The paper, published yesterday and co-authored by academics from around the world, examines the “human climate niche” – the temperature range in which humans have lived and flourished throughout history – and how warming could see billions of people falling outside of it.
The researchers from the University of Exeter’s Global Systems Institute, alongside the Earth Commission and Nanjing University, argue that current legally binding climate policies are estimated to produce an average temperature rise of 2.7C by 2100.
They said this could leave two billion people – 22% of the projected end-ofcentury population – exposed to dangerous heat, defined as an average annual temperature of 29°C or higher.
At these high temperatures, water resources could become strained, mortality could increase, economic productivity could decrease, animals and crops could no longer flourish, and large numbers of people may migrate.
The forecasts also show that limiting warming to 1.5C in line with the Paris Climate Agreement would leave just 5% outside the niche by 2100.

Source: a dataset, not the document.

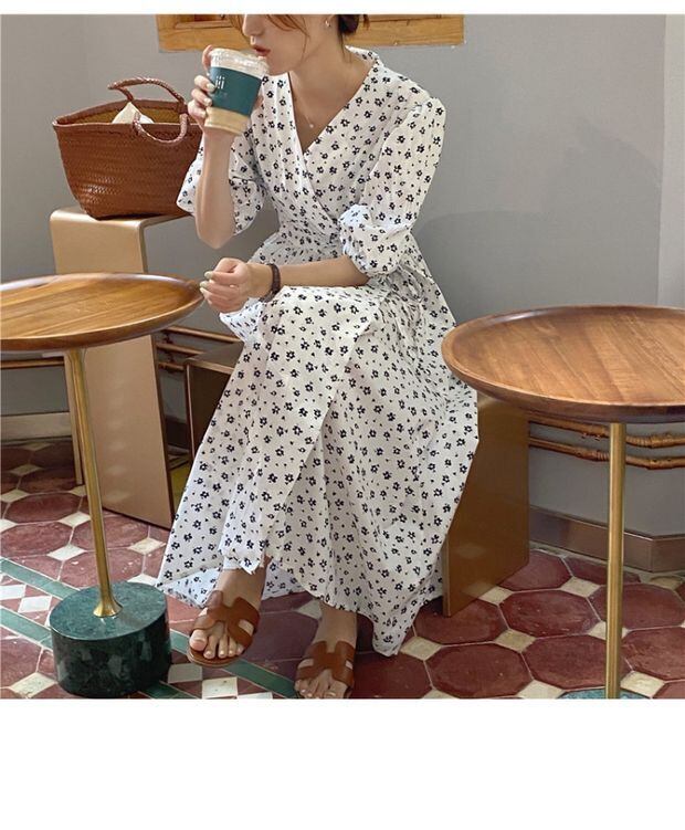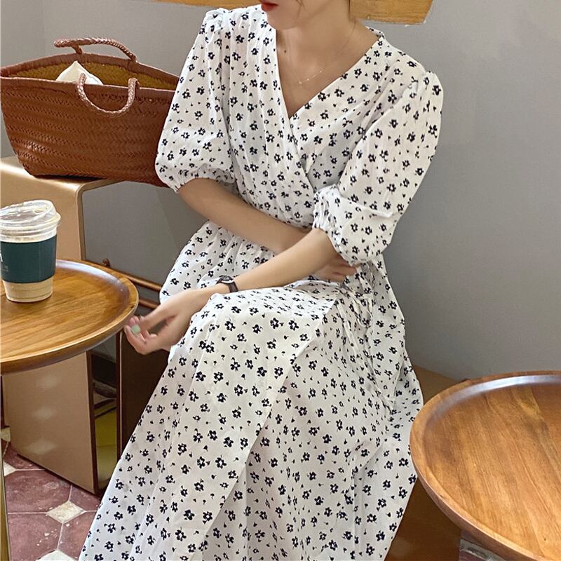 サマーロングスカート ルーズスタンダードウェストフローラルドレス レトロ 夏物 花柄 左左右右5038601

Professor Tim Lenton, director of the Global Systems Institute, said that many areas of the world will “go up to unprecedented temperatures that nobody experienced in the historical climate” when warming hits 2.7C.
More than 600 million people in India and 300 million people in Nigeria could be exposed to dangerous temperatures by 2100, as well as areas of Indonesia, Brazil, the Philippines, Australia, and almost 100% of Burkina Faso and Mali.
The research found that under the worst-case scenarios of 3.6C or even 4.4C global warming, half of the world’s population could be left outside the climate niche, posing an “existential risk”.
Prof Lenton said: “The costs of global warming are often expressed in financial terms, but our study highlights the phenomenal human cost of failing to tackle the climate emergency.”